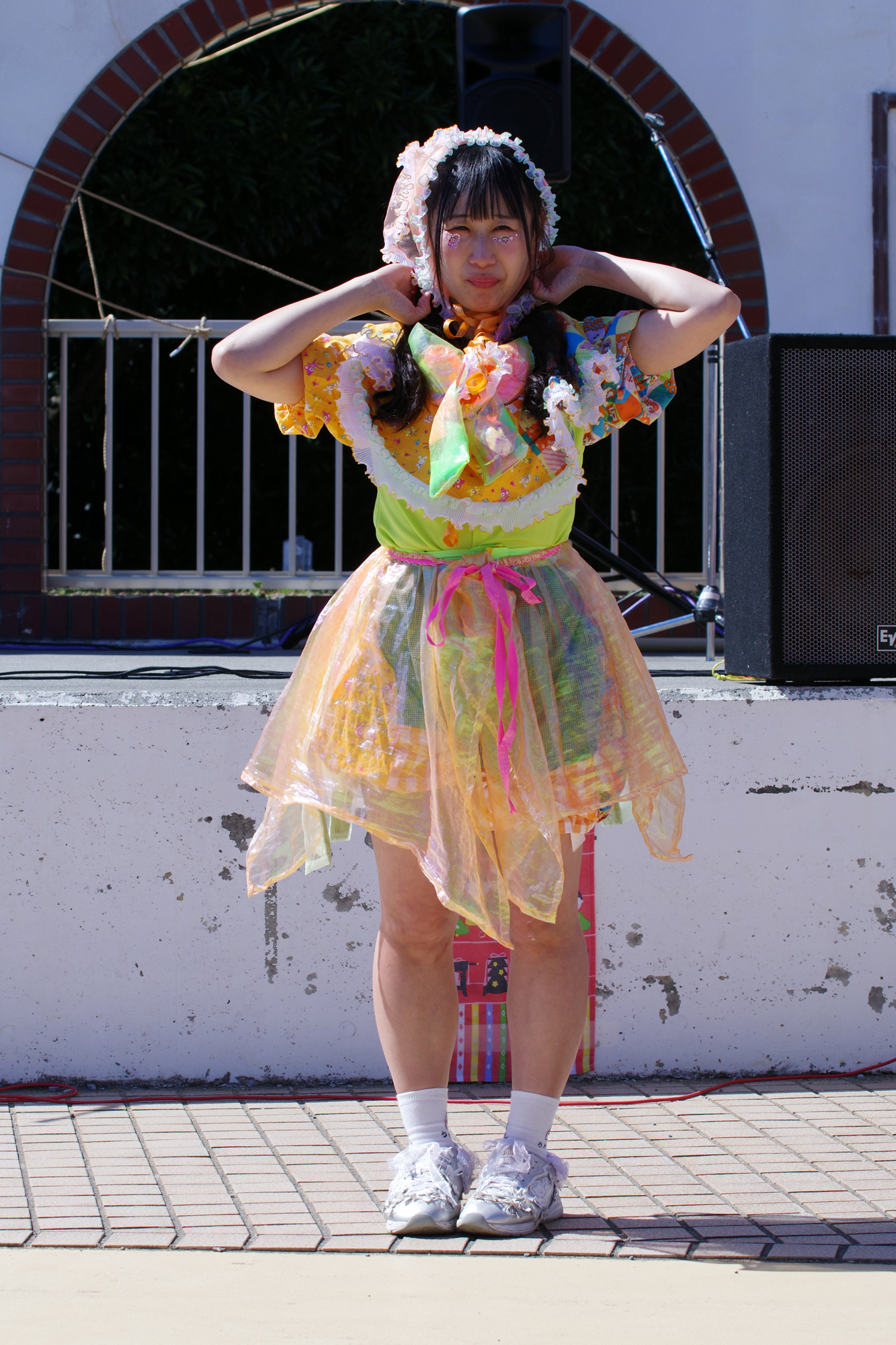 車内も明るくなり開放から1.2段絞った状態で速いシャッタースピードが切れるのですが、制服が真っ黒な分、白飛びしやすいのも難点です。
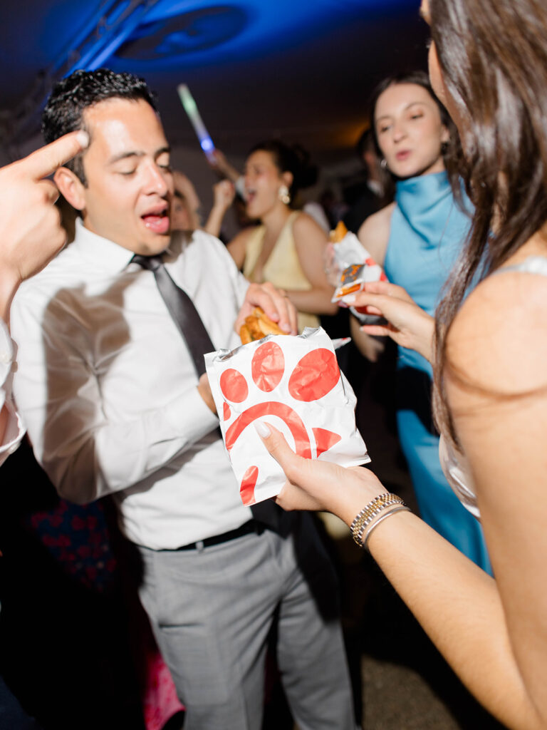 ICONIC! This is the only way I can describe the energy on the dance floor. Not only was everyone dancing and singing, they were all so happy and engaged. By the end of the night a lot of people are hungry again from dancing the night away. Kim and Randal were on top of that and made sure everyone left well fed by having Chick-Fil-A served on the dance floor. It was so fun watching everyone’s surprise when they were offered a sandwich.
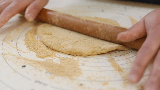 15.用搟面杖將糯米面團(tuán)搟成長(zhǎng)方形面片。
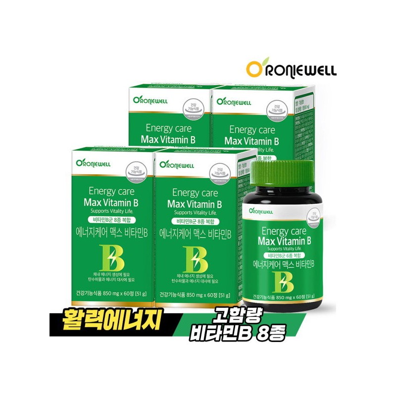 Roniwell Energy Care Max Vitamin B 60 tablets x 4 (total 8 months supply) / 로니웰 에너지케어 맥스 비타민B 60정 x 4개 (총 8개월분)
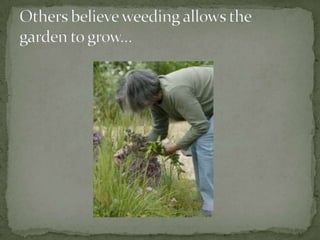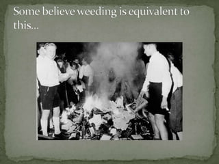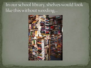 Weeding the collection allows librarians to evaluate what materials they have, remove outdated or irrelevant items, and ensure they have relevant titles to meet patron needs. Milwaukee Public Libraries use a 5-year no circulation list as a starting point for weeding. Weeding recycles paper and makes space for newer, more current information while not throwing away knowledge. It is important to have a collection development policy to guide systematic weeding.
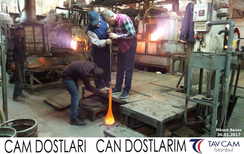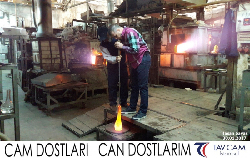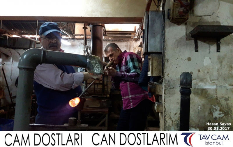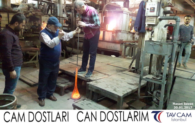Yine oldukça renkli görüntülerin yaşandığı projede, Tavcam çalışanları birlikte yüksek sıcaklıktaki cama üfleyen Hasan Savaş da kendi vazosunu tasarlamış oldu.
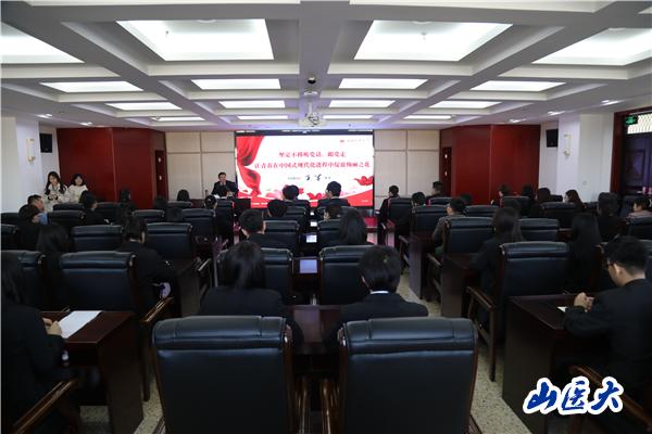 12月9日上午,校黨委書記王軍在中都校區教學辦公樓五層會議室以“堅定不移聽黨話、跟黨走,讓青春在中國式現代化進程中綻放絢麗之花”為題,為青年學生代表講授了一堂生動的思政課。
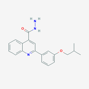 The synthesis of 2-(3-Isobutoxyphenyl)quinoline-4-carbohydrazide involves several steps. Typically, the synthetic route includes the reaction of 3-isobutoxybenzaldehyde with 2-aminobenzophenone to form an intermediate, which is then cyclized to produce the quinoline derivative. The final step involves the reaction of the quinoline derivative with hydrazine hydrate to form the carbohydrazide . The reaction conditions often include the use of solvents like ethanol and catalysts to facilitate the reactions .
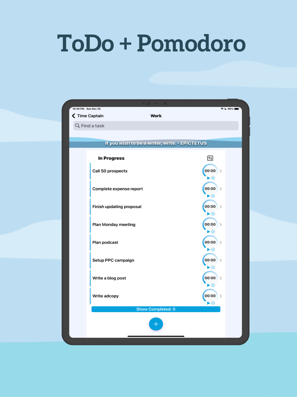Whether you need a laundry timer or countdown widget for vacation, work, school, or home, Time Captain offers pomodoro style focus techniques to help you organize and develop good daily habits and track them over time using the new todo analytics widget.
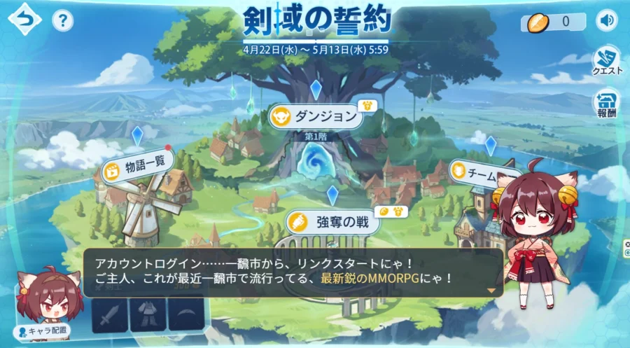 アカウントログイン……一飜市から、リンクスタートにゃ!
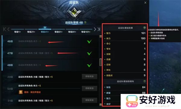 远征队等级提升会奖励一些属性,对该账号下所有角色有略微属性提升;
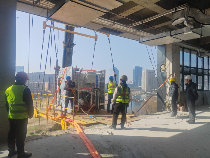 此次吊装入场的重磅设备是脉动真空灭菌器,用于耐湿耐热的制药行业、医疗器械等的灭菌。在做好充分的前期准备下,经过大型吊车、叉车等共同协作,顺利完成这些大型设备的进场工作。

===

Task:
Going by the entries above, repeat exactly the lines that start at the line with "Roniwell Energy Care" and go on through the line with "Weeding the collection". Pictures are not part of the copy.

Task solution:
 Roniwell Energy Care Max Vitamin B 60 tablets x 4 (total 8 months supply) / 로니웰 에너지케어 맥스 비타민B 60정 x 4개 (총 8개월분)
 Weeding the collection allows librarians to evaluate what materials they have, remove outdated or irrelevant items, and ensure they have relevant titles to meet patron needs. Milwaukee Public Libraries use a 5-year no circulation list as a starting point for weeding. Weeding recycles paper and makes space for newer, more current information while not throwing away knowledge. It is important to have a collection development policy to guide systematic weeding.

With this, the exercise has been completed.